Die weitergehende Revision der Staatsanwaltschaft wird als unbegründet verworfen.
Gründe:
Das Landgericht hat den Angeklagten wegen besonders schweren Raubes in Tateinheit mit gefährlicher Körperverletzung in zwei Fällen, wegen Raubes in Tateinheit mit gefährlicher Körperverletzung in drei Fällen sowie wegen versuchten Raubes in Tateinheit mit gefährlicher Körperverletzung unter Einbeziehung von Strafen aus einem Urteil zu einer Gesamtfreiheitsstrafe von acht Jahren und drei Monaten verurteilt. Ferner hat es eine Einziehungsentscheidung getroffen und die Unterbringung des Angeklagten in einer Entziehungsanstalt sowie den Vorwegvollzug eines Teils der Freiheitsstrafe angeordnet. Die Staatsanwaltschaft wendet sich mit der Sachrüge ausschließlich gegen den Strafausspruch und die Anordnung der Unterbringung des Angeklagten in einer Entziehungsanstalt.

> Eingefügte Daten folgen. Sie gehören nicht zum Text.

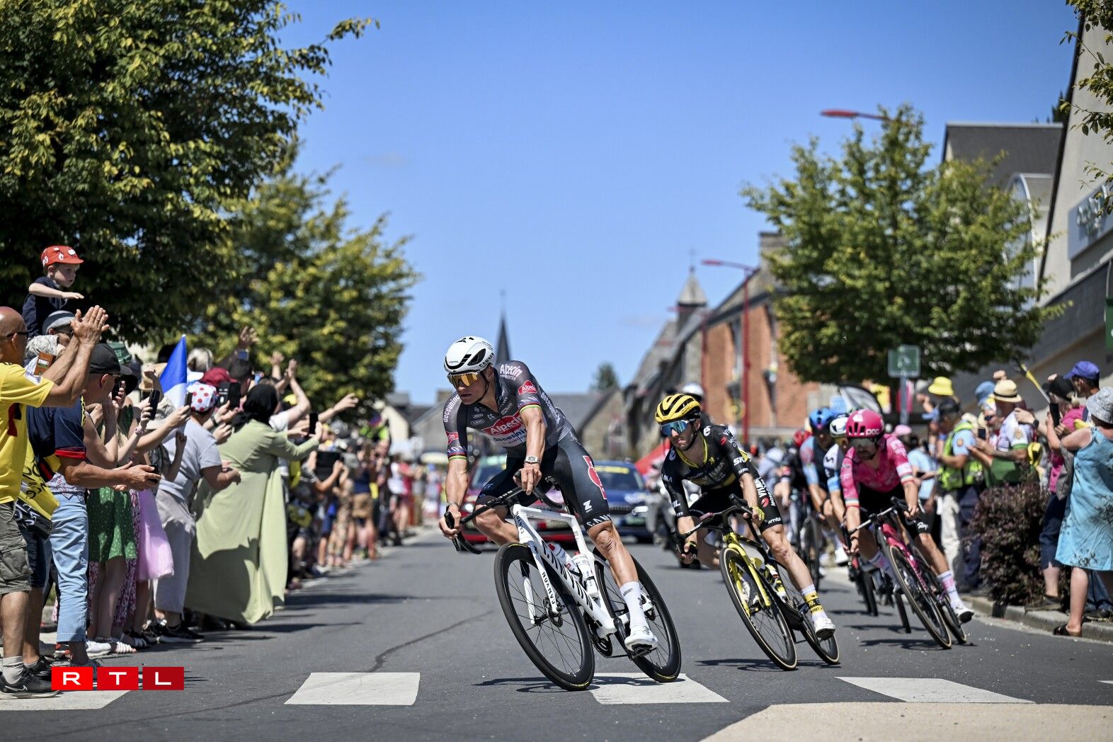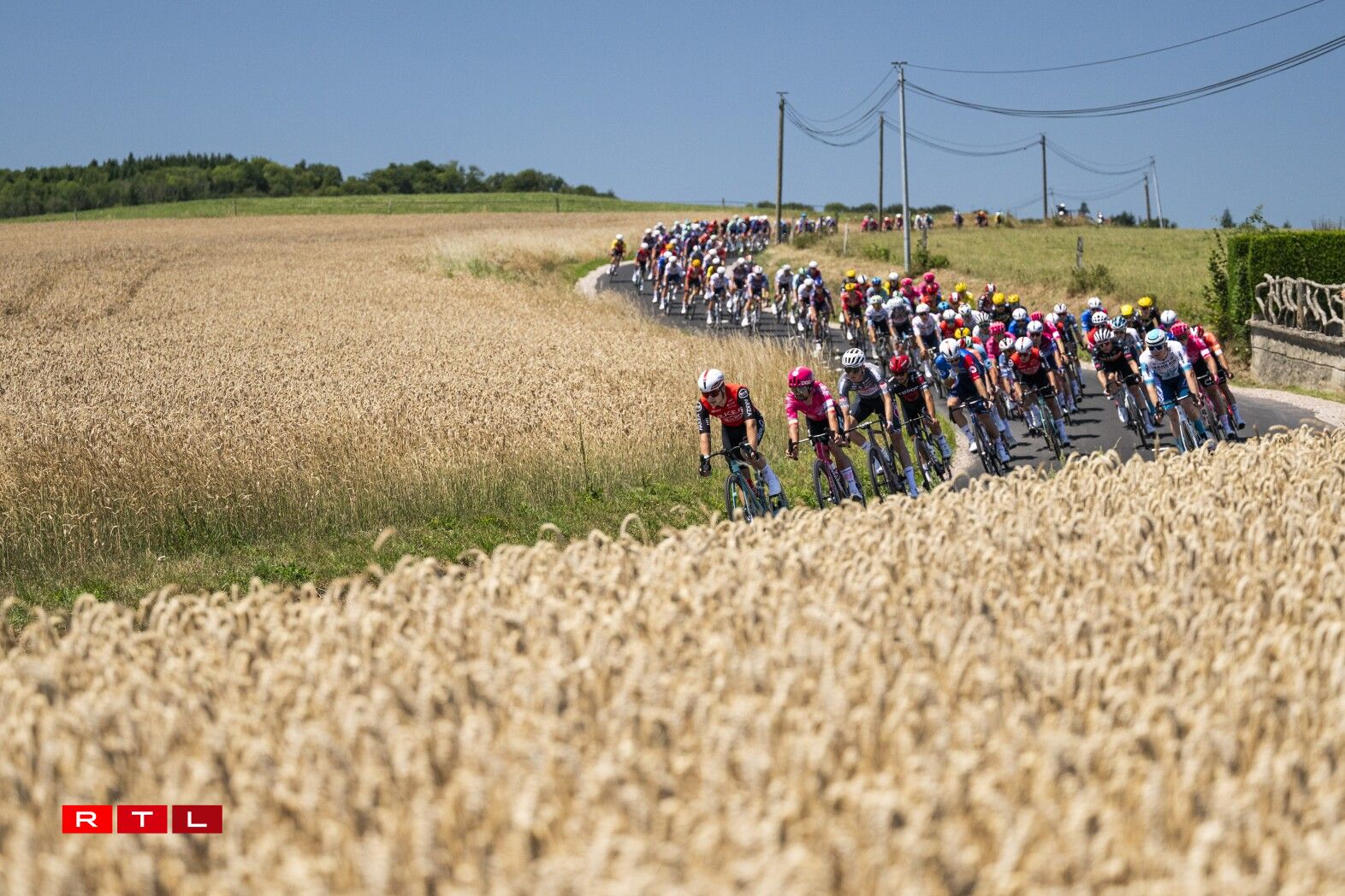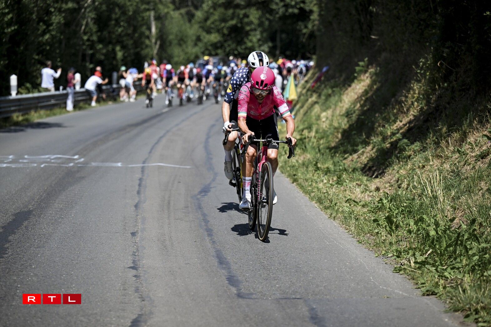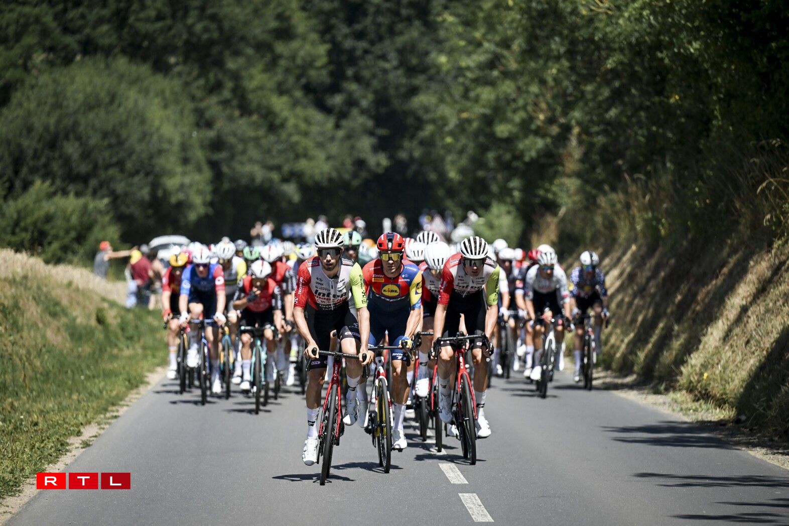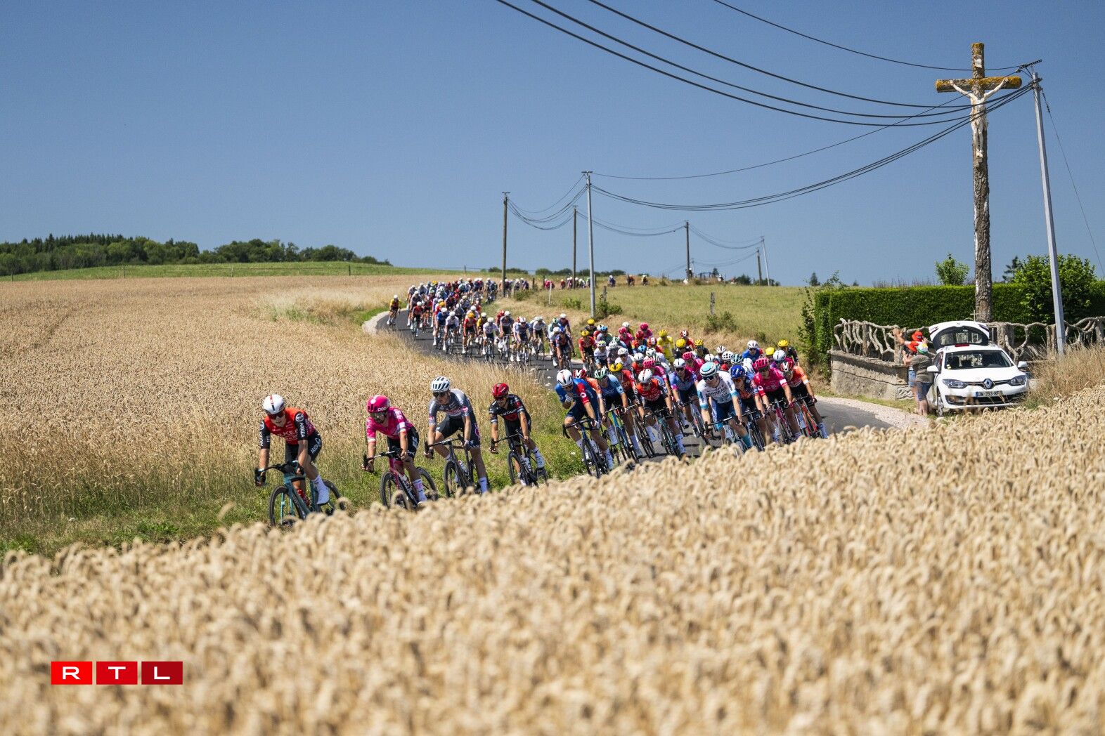 Déi gutt Echappée huet sech no der Côte de la Rançonnière forméiert. An dat mam Mathieu van der Poel, Quinn Simmons, Ben Healy, William Barta an Harold Tejada. Méi spéit sinn och nach den Eddie Dunbar, de Simon Yates an de Michael Storer dobäi komm. Et huet awer bis eng 100 Kilometer virun der Arrivée gedauert, bis déi Echappée och den definitive Bon de Sortie vum Peloton krut. Hir Avance ass bis op 4 Minutten a 50 Sekonnen eropgaangen. D‘Ekipp vum Maillot Jaune Tadej Pogacar (UAE) huet am Peloton fir den Tempo gesuergt.

Das vom Generalbundesanwalt nur hinsichtlich der Aufhebung der Maßregel vertretene Rechtsmittel hat in diesem Umfang Erfolg (§ 349 Abs. 4 StPO) und ist im Übrigen unbegründet (§ 349 Abs. 2 StPO).
1. Die Revision der Staatsanwaltschaft ist wirksam auf den Strafausspruch und die Anordnung der Maßregel nach § 64 StGB beschränkt.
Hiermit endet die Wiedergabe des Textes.